Yoshitora, Utagawa (act 1836-1882)

Yoshitora, Utagawa (act 1836-1882)

Utagawa Yoshitora was active from about 1849 to about 1882. He was a designer of ukiyo-e Japanese woodblock prints and an illustrator of books and newspapers. He was born in Edo (modern Tokyo), but neither his date of birth nor date of death is known. He was the oldest pupil of Utagawa Kuniyoshi who and excelled in prints of warriors, kabuki actors, beautiful women, and foreigners (Yokohama-e) even though he may not have seen any of the foreign scenes he depicted. Yoshitora was prolific. He produced over 60 print series and illustrated over 100 books. In 1849 his irreverent print “Funny Warriors—Our Ruler’s New Year’s Rice Cakes” was declared by the censors to be a criticism of authority. Based on this, Yoshitora was placed in manacles for fifty days.

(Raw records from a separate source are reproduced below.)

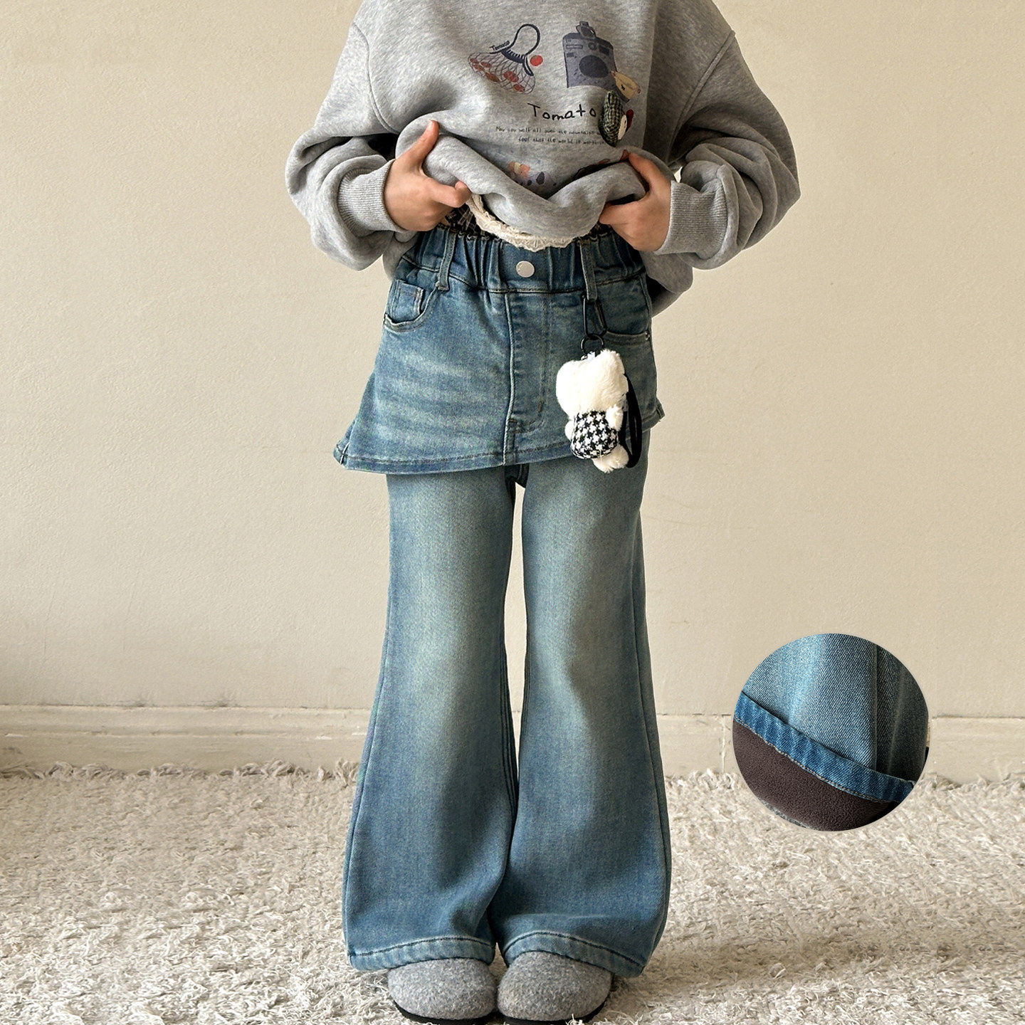 女童加绒牛仔裤2026冬季新款儿童加厚一体绒裤子女大童屁帘阔腿裤
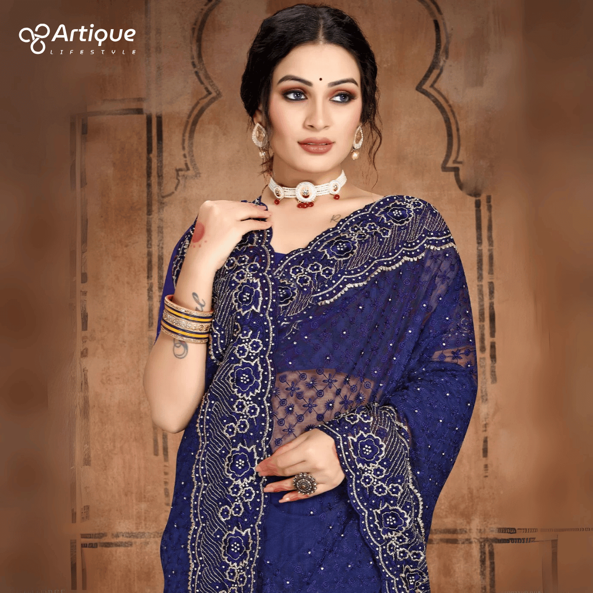এই নেভি ব্লু কালারের শাড়ি টি প্রিমিয়াম অর্গানজা ফ্যাব্রিক দিয়ে তৈরী করা এবং সম্পূর্ণ শাড়ির আঁচল ও কুঁচি জুড়ে নেভি ব্লু এবং সিলভার কালার জরি সুতার এমব্রয়ডারি কাজ এটিকে আরও আকর্ষণীয় করে তোলে এবং যেকোনো বিশেষ অনুষ্ঠানের পরিধানের জন্য উপযুক্ত।
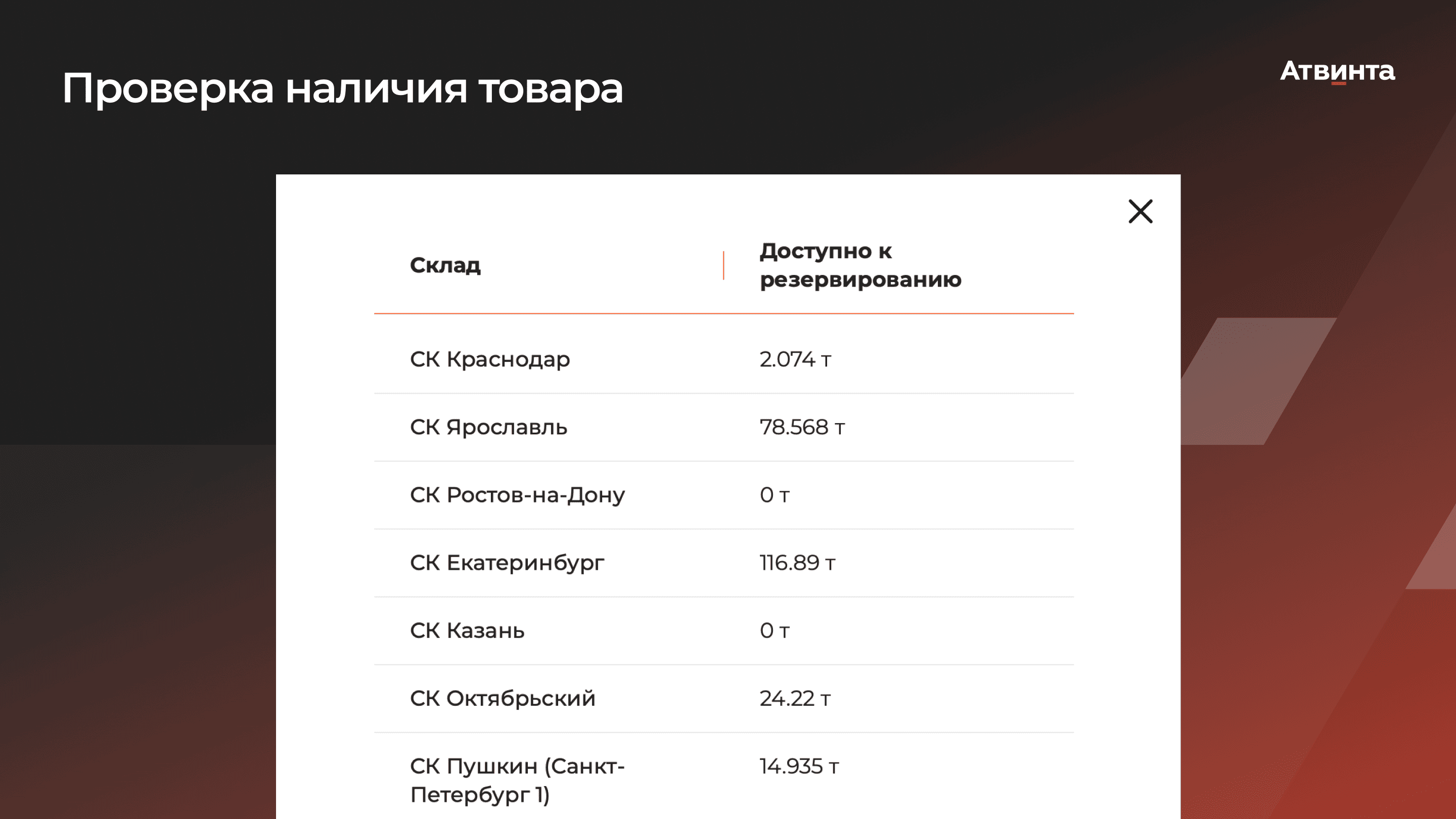 Показываем актуальные остатки по складам. В кабинете можно проверить наличие на складах и добавить товары в резерв. Решения принимаются по фактическим данным и в одной системе.
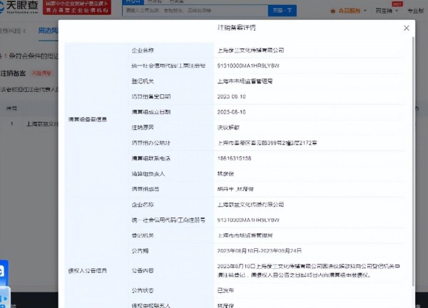 从天眼APP显示,林彦俊名下关联2家企业,均为存续状态。可其中一家,上海彦兰文化公司突然发布注销备案公告,公告期自8月10日至9月24日,注销原因为决议解散。
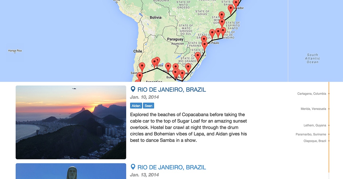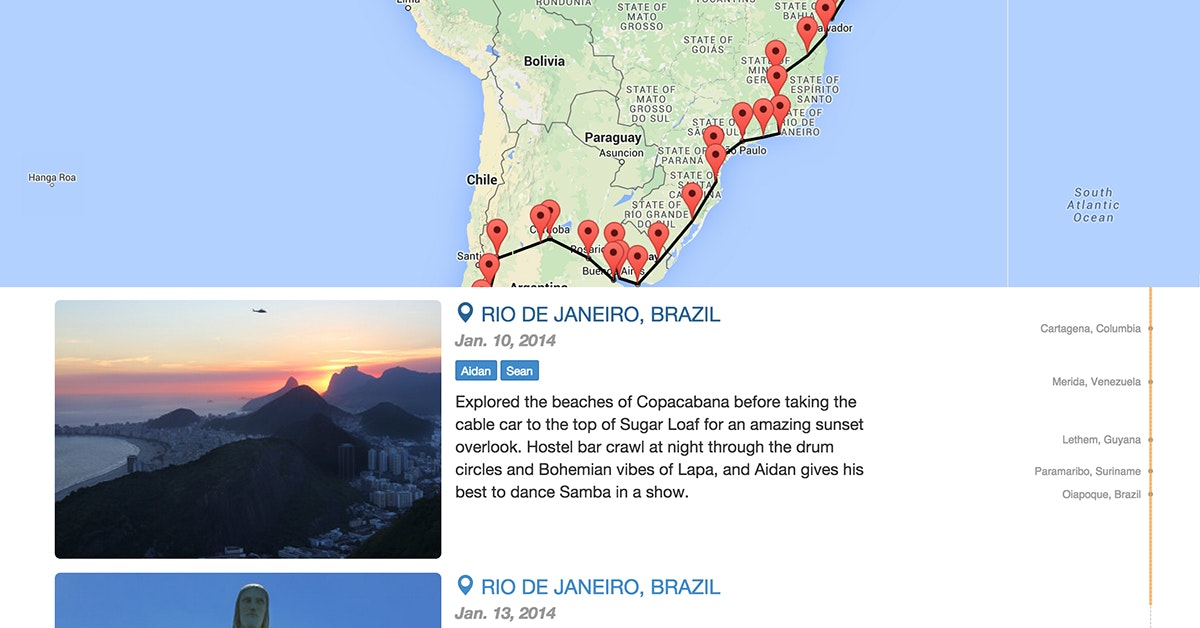 What you give us: 350 characters + 1 photo + your location per day, whenever you feel like it on your trip

Soon after he was expelled from Kuniyoshi’s studio, but he continued to produce illustrations prolifically. From the 1860s Yoshitora produced over 150 Yokohama-e pictures of foreigners amid rapid modernization that came to Japan after the country was opened to trade. He collaborated on a number of landscape series, and in the Meiji period that began in 1868 he also worked in newspapers. The last of his known works appeared in 1882.